May 10, 2024May 10, 2024

AI Assistants

“That’s not AI, that’s three IF statements in a trench coat”

“This can’t be happening!” John was stressed out. He stared intently at the screen with bloodshot eyes betraying his failing attempt to hide his all-nighter. He never intended to stay up all night on this coding binge, but he was eager to impress his new team.

Fresh out of college, this was John’s first real project. It had been going exceptionally well and earlier in the night, he was euphoric with the progress. But now he was stuck. The complex logic that had previously worked was no longer delivering the right results with the new test data. What changed? Quickly he began adding debug prints and assertions to narrow in on the defect.

This was going to take several more hours, he thought to himself. Anxiety set in. Just four hours before the demo was scheduled. “Why in the world did I schedule that demo?”

Then it hit him. Didn’t Julie tell him that they had just rolled out a new AI tool for coders? He flipped over to his email inbox and found the announcement. “Step 1: Download this plugin to your IDE.” He followed the steps and soon the plugin came to life. A dropdown menu appeared highlighting quick action features like “Explain this”, “Document this”, “Test this”, and then he saw the new AI gourmet hamburger menu serve up a glorious “Fix this” tile.
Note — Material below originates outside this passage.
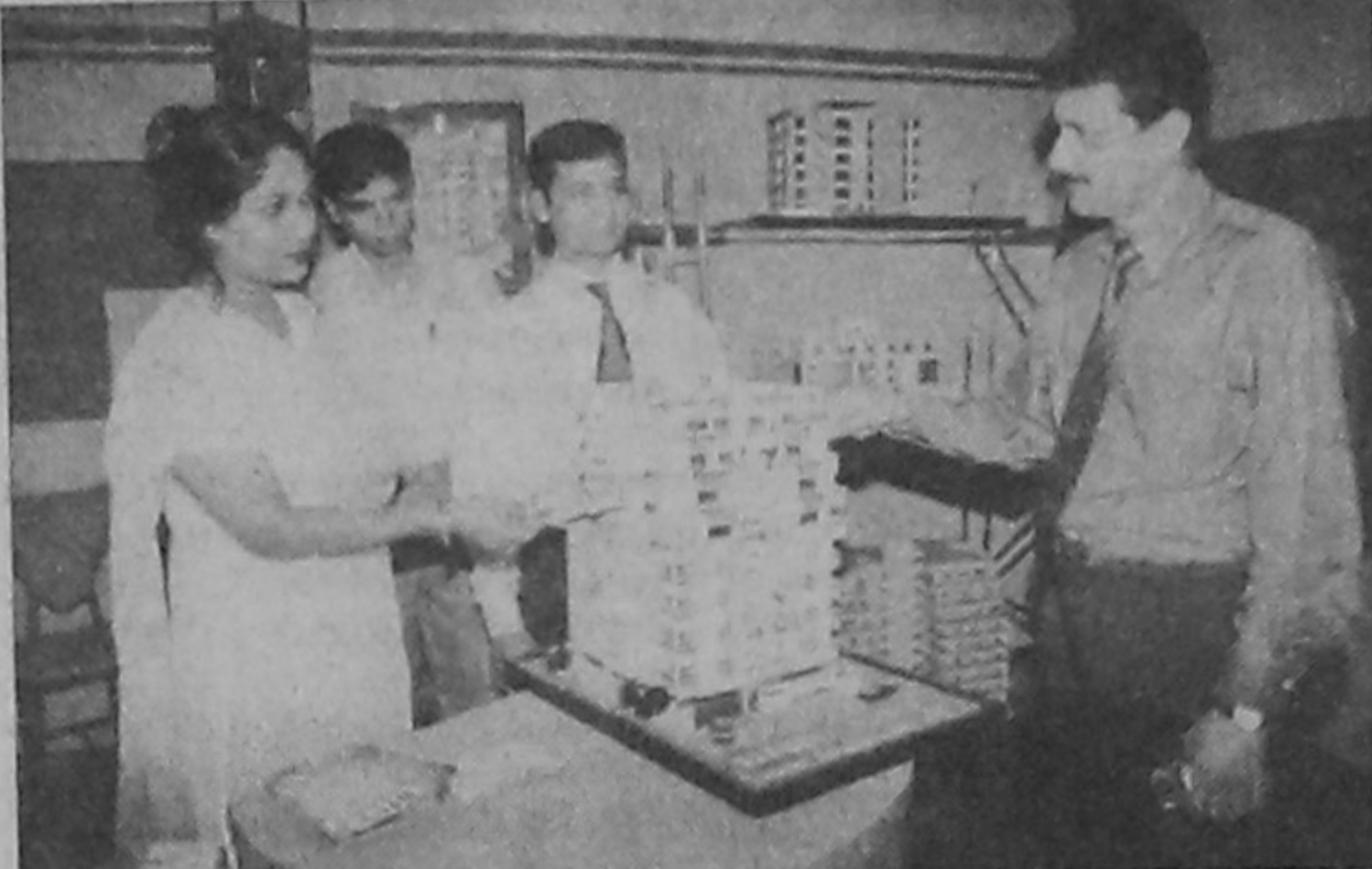
PHOTO: STAR DBH Property Fair-2001 began yesterday at the Sheraton Hotel. Picture shows a stall at the fair.

“Yes!” Click! He literally held his breath. The AI went to work. A spinning wheel soon started churning out text. It first described the section of code he was debugging, correctly outlining how it was building the result, even complimenting him on the code. Ugh, that’s not helping, he thought. But then the AI assistant added at the end, “However, this one line seems to have an incorrect indentation that could be preventing expected results. Would you like me to fix it (Y/n)?”

John laughed and almost cried as he clicked yes. “Of course! I can’t believe I missed that!” Suddenly, his code was working as expected. He was ready for the demo, even if he was more ready for a good night’s sleep.

—-

Sasha was the departmental wizard. She was the most senior engineer and had more history in the company than anyone else. Need to know how something worked or the history on why it worked the way it did? Just ask Sasha. She probably built it! As she fired up her IDE to start the new project, she smiled. “I’m going to AI the heck out of this” she said to herself. The keyboard exploded to life as her fingers flooded the screen with instructive text. She described the data structures, global settings, APIs and logic required to complete the project. Like magic, classes and functions began to appear in translucent text below her cursor.

“Tab. Tab. Enter.” she verbalized her actions, smiling with each keystroke as code materialized on the screen. The AI assistant was filling in all the code. It was powerful! Quickly scanning the logic, she hummed her approval.

“Nice!” she exclaimed and scrolled down and entered more instructive comments, again followed by the AI assistant quickly filling out the details. She made some minor changes to variables to match the company style. The AI adapted and started using the same style in the next coding blocks.

Sasha shook her head, “This is just brilliant,” she laughed. Further down she began writing the complex logic to complete the project. The AI didn’t get all of it right. But it was easy to tweak the changes she needed. She occasionally ignored some of the suggestions from the AI but was quick to accept the suggestions that would hydrate data structures when she needed them, removing that tedium and making it easier for her to tackle the more difficult sections.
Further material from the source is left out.